Application effectiveness:
Adopting dense phase plug flow transportation, with low wind speed and much lower energy consumption than dilute phase systems, suitable for long-distance transportation needs;
By using pipeline distributors to achieve "one warehouse for multiple workshops", there is no need to separately configure conveying systems for each workshop, greatly reducing equipment investment;
Low speed transportation reduces the frictional heat generation and agglomeration between calcium hydroxide particles, ensuring the quality of the material is not compromised. Additionally, the pipeline has no wear and tear, resulting in a long service life.

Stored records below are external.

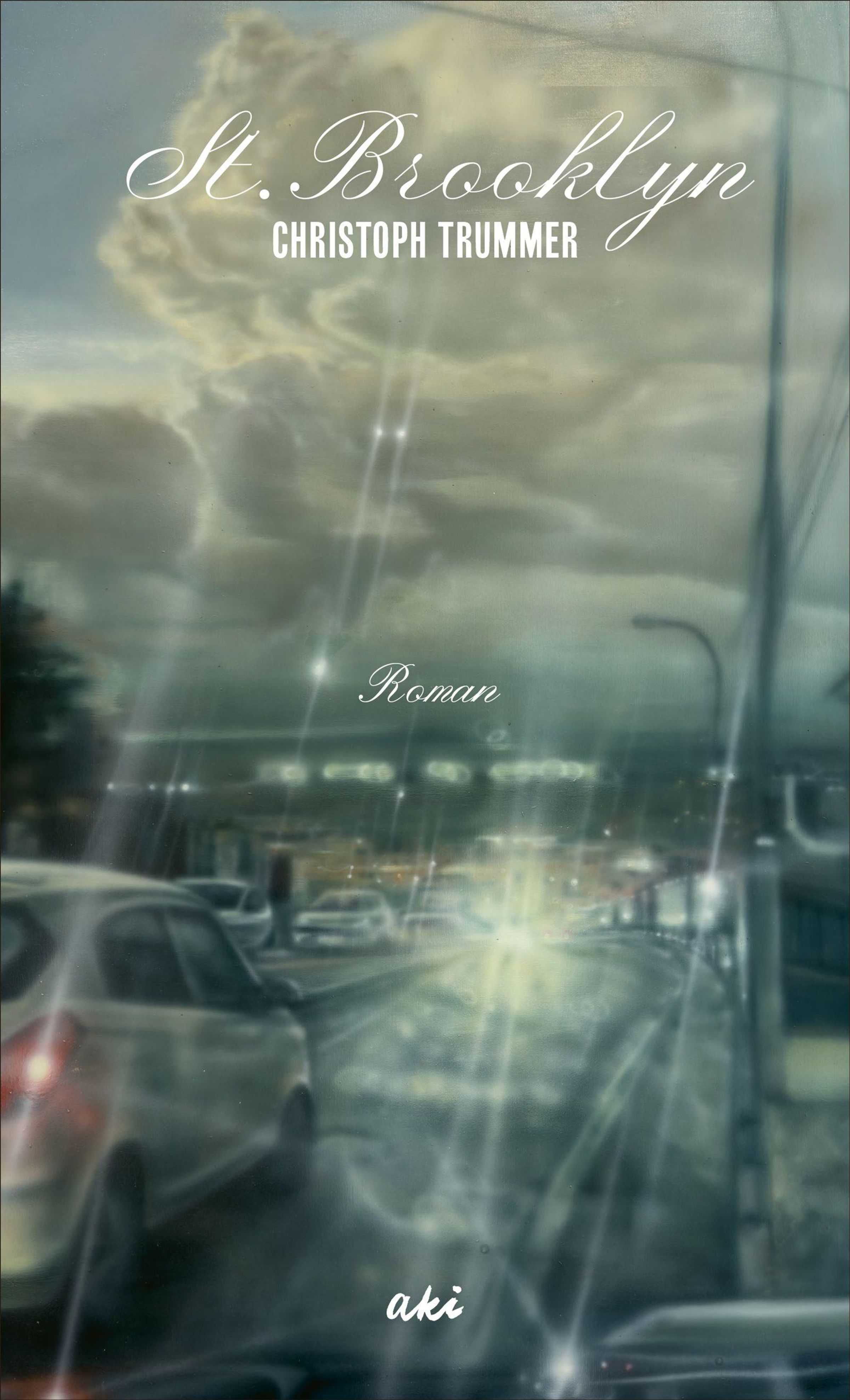 St. Brooklyn oben, Christoph Trummer darunter, Roman in Weiß in der Mitte; unscharfe Straßenszene bei Regen., Buch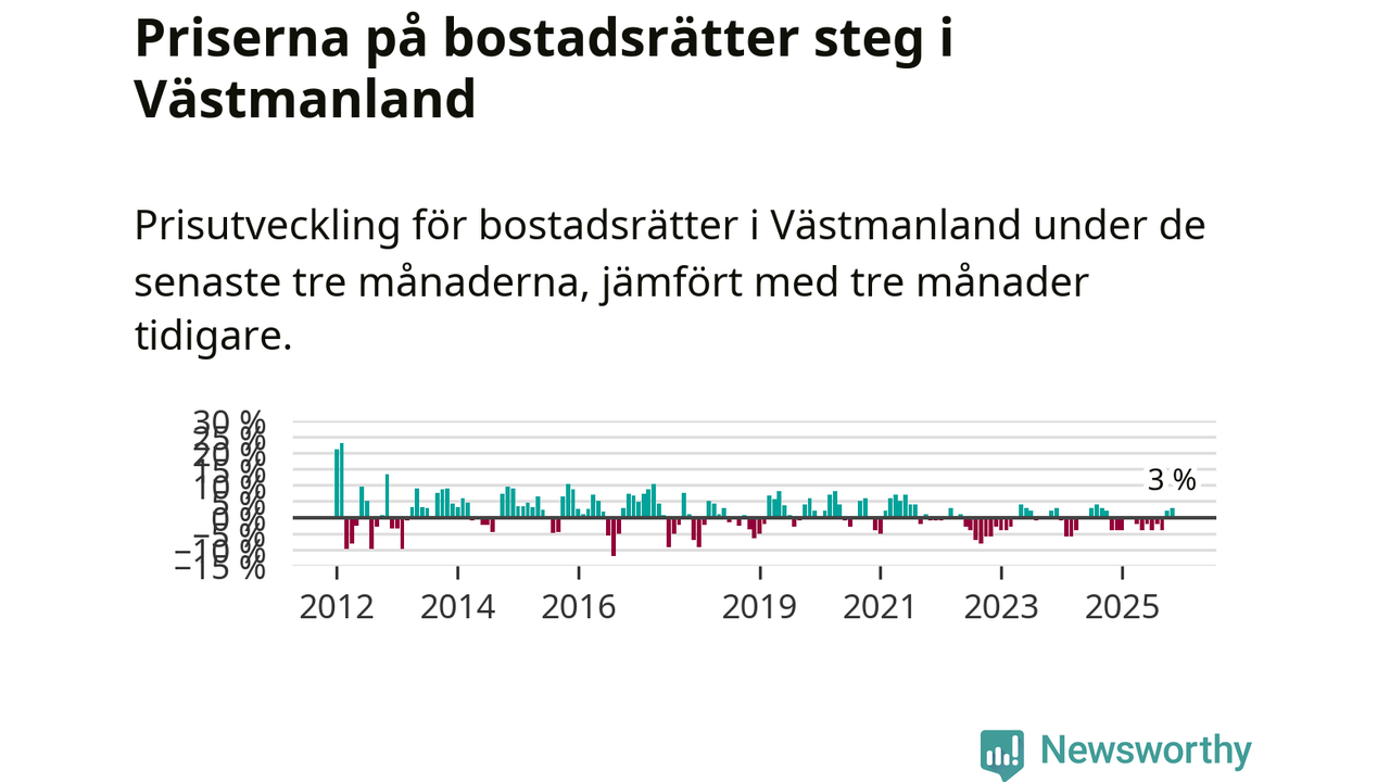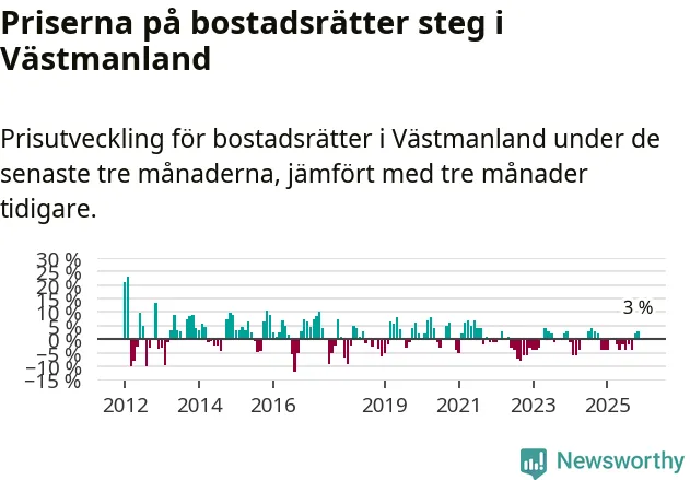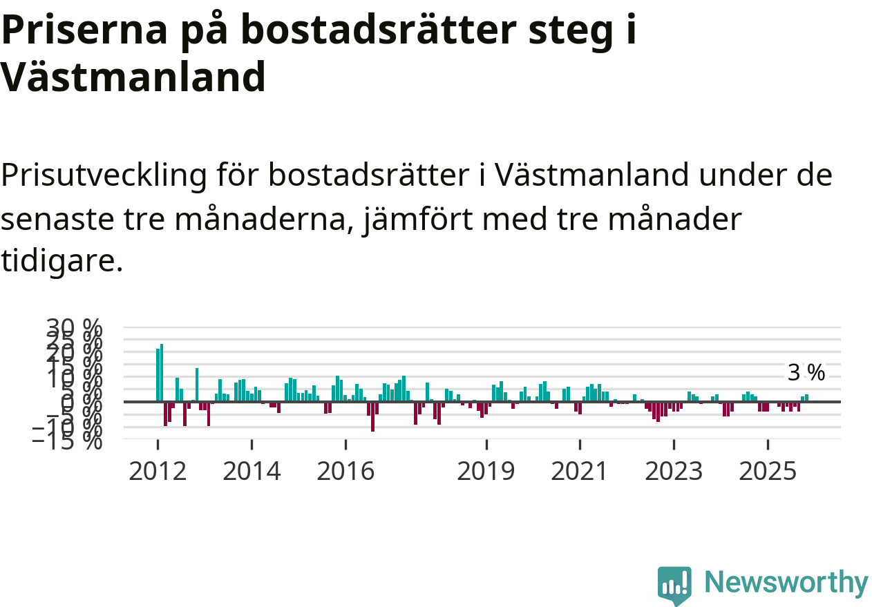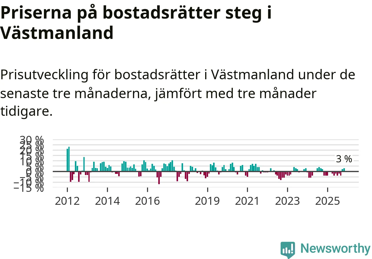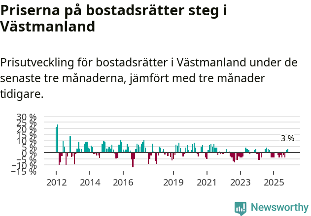 I Västmanlands län som helhet går priserna på bostadsrätter upp med 3 procent. Även i hela Sverige ökar priserna på bostadsrätter. I hela riket noterades en prisuppgång på 3 procent.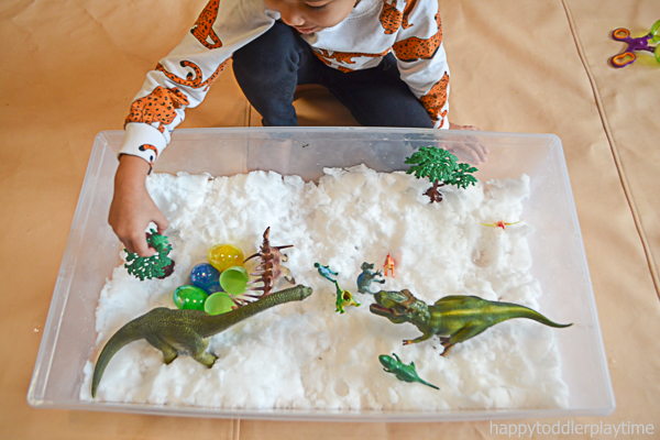 If your kids love dinosaurs, this snowy dino world will be a total hit. It’s a simple sensory activity that brings their favorite toys to life in a winter wonderland.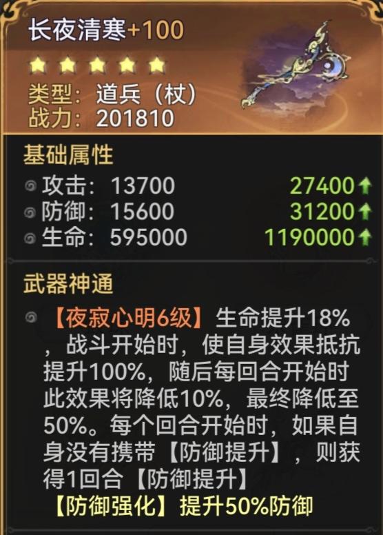 由于元润需要效果抵抗属性,因此道兵的唯一选择便是长夜清寒。

Case Three: Calcium Hydroxide Production Plant | Dust Recovery from Finished Product Storage Bin Discharge Port+Return Transportation of Unqualified Materials
Industry:Calcium processing
Core requirements:Multi point material collection and low dust recycling. The discharge ports of the three finished product silos in the production workshop are prone to dust generation, and the screened unqualified fine powder needs to be collected from the three screening stations and recycled to the raw material reprocessing silo; Require no dust leakage throughout the entire process to avoid polluting the production workshop, while also preventing external humid air from entering the system and causing material clumping.

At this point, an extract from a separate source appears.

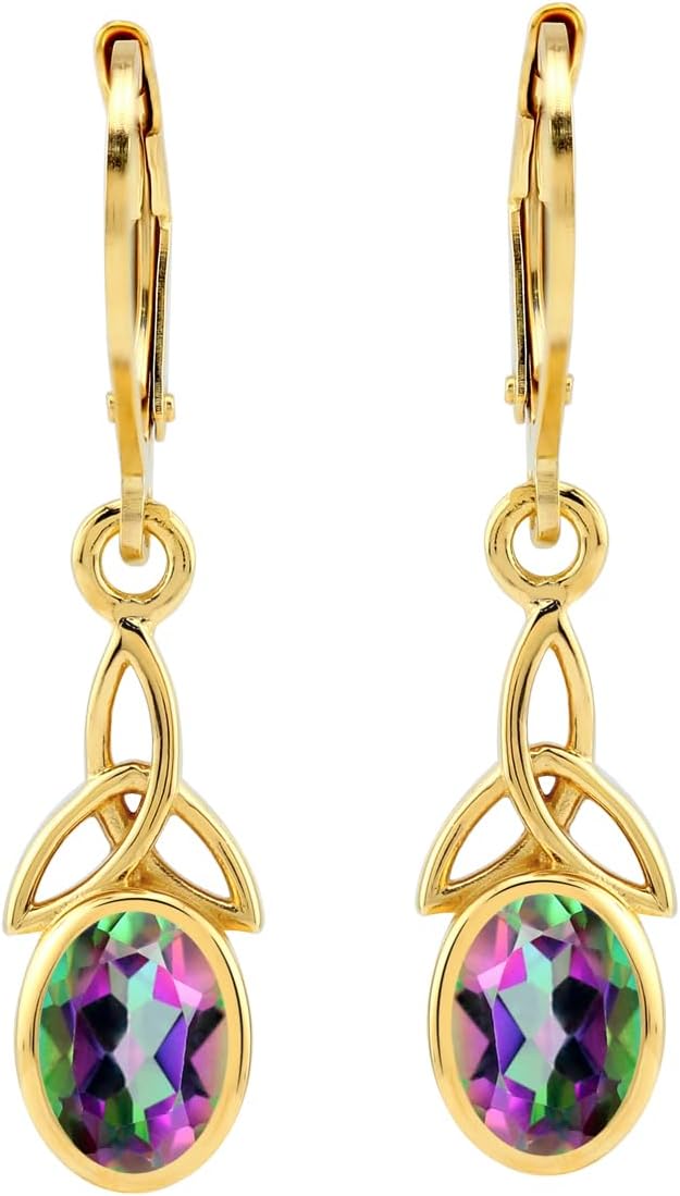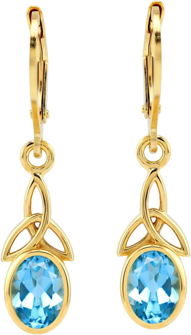Silvershake 7X5mm Oval Shape Birthstone Gemstone White Gold Plated or Yellow Gold Plated 925 Sterling Silver Triquetra Celtic Knot Leverback Dangle Earrings Jewelry for Women

System configuration:3 negative pressure suction nozzles at the discharge port+3 suction points at the screening station+negative pressure conveying branch/main pipe+final separator+negative pressure fan+recycling bin.
Workflow:
1. Start the negative pressure fan to create a negative pressure field inside the main pipe;
2. The dust from the discharge port of the silo and the unqualified materials from the screening station are respectively sucked into the branch pipe through their respective suction nozzles/suction points and merged into the main pipe;
3. The gas mixture is separated in the final separator, and the calcium hydroxide powder settles in the recycling bin and is then sent back to the production system for processing;
4. The purified exhaust gas is discharged through a negative pressure fan, and there is no dust leakage in the workshop.

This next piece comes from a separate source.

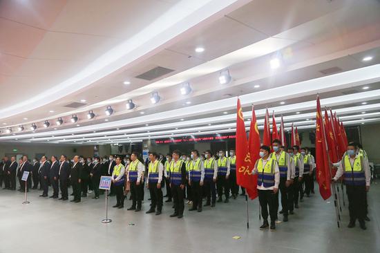 随后,陈刚带领全体党员重温入党誓词,并为党员先锋号、工人先锋号、青年文明号、党员突击队、青年突击队授旗。活动最后宣读了“点燃奋斗激情 实现完美履约”劳动竞赛誓师大会倡议书,聚焦启动劳动竞赛、三号联创、党、工、团突击队,找准党建融入生产经营的发力点,进行誓师、动员,围绕中心、服务大局,在全公司范围内掀起各项目大干快上的热潮。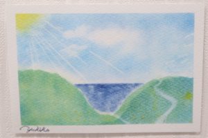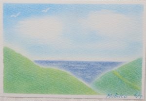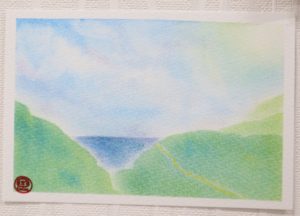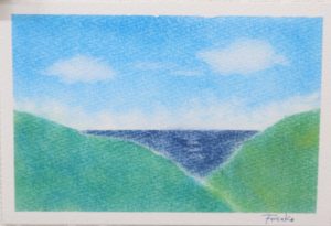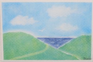 海の描き方は何パターンかありますが、砂浜の広がる海ではなく、山の間から臨む海の風景が青森県らしいな…ということで、今回はこちらの絵を選びました。

Application effectiveness:
Under negative pressure, dust is only inhaled into the pipeline, and there is no dust at the discharge port and screening station in the workshop. The production environment has been greatly improved and meets occupational health standards;
Realize "3 discharge ports+3 screening stations" for simultaneous feeding at 6 points and centralized unloading at 1 point, without the need for manual cleaning of dust and unqualified materials, saving labor costs;
The system only inhales a small amount of air at the material collection point. By setting a dry air supply port at the suction nozzle, it effectively prevents moist air from entering and causing material clumping, ensuring smooth and unobstructed transportation.